= F. S. Marsh =

English clergyman and theologian (1886–1953)

Fred Shipley Marsh (1886–1953) was an English clergyman and theologian, Lady Margaret's Professor of Divinity at the University of Cambridge from 1935 to 1951.

By his marriage to Elizabeth Shipley, the son of James William Marsh, he was the eldest son in a family of eight children. Educated at Cambridge in 1907, Marsh was elected a Tyrwhitt Scholar, and much of his subsequent work was in the field of Syriac studies.

From 1916 to 1919, during the First World War, Marsh served as a chaplain in the armed forces and was gassed, causing harm which continued to trouble him for the rest of his life.

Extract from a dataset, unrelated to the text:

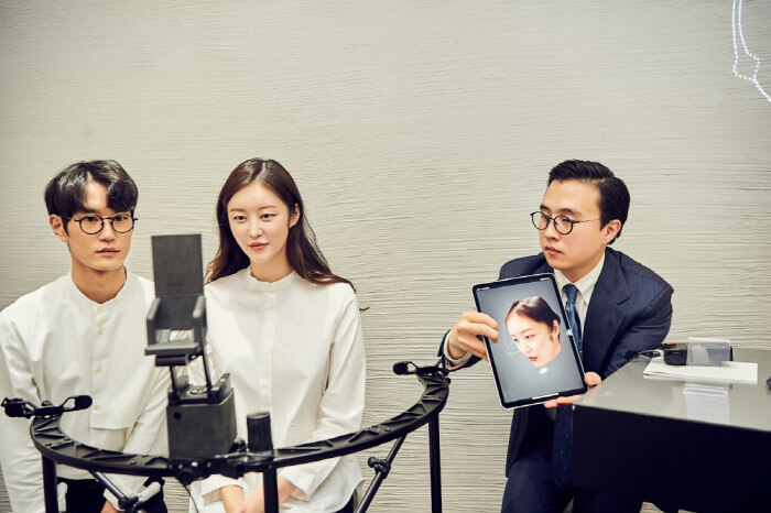 3. 스캔 데이터를 기반으로 빅데이터 분석을 통해 디자인과 사이즈를 상담해요. 디자인 중에서 얼굴형에 잘 맞는 스타일을 추천받고 색상이나 디테일은 내가 고를 수 있어요.

A Fellow of Selwyn College from 1920, Marsh was also a Lecturer from 1920 to 1935, College Dean from 1920 to 1924, and College Librarian from 1920 to 1929. In 1927, he published The Book of the Holy Hierotheos, a translation and critical edition of a set of Syriac manuscripts dating from the 6th century which had been discovered in the 19th century. In 1935 he was appointed to succeed James Bethune-Baker as Lady Margaret's Professor of Divinity and moved away from the Syriac field. Founded by Lady Margaret Beaufort in 1502 as a readership, it is the oldest chair at Cambridge, traditionally held by a New Testament scholar.

Under the initials F. S. M., Marsh was also a contributor to the Encyclopædia Britannica.

He retired from his chair in Divinity in 1951, and his successor, C. F. D. Moule, was appointed with effect from 1 October 1951.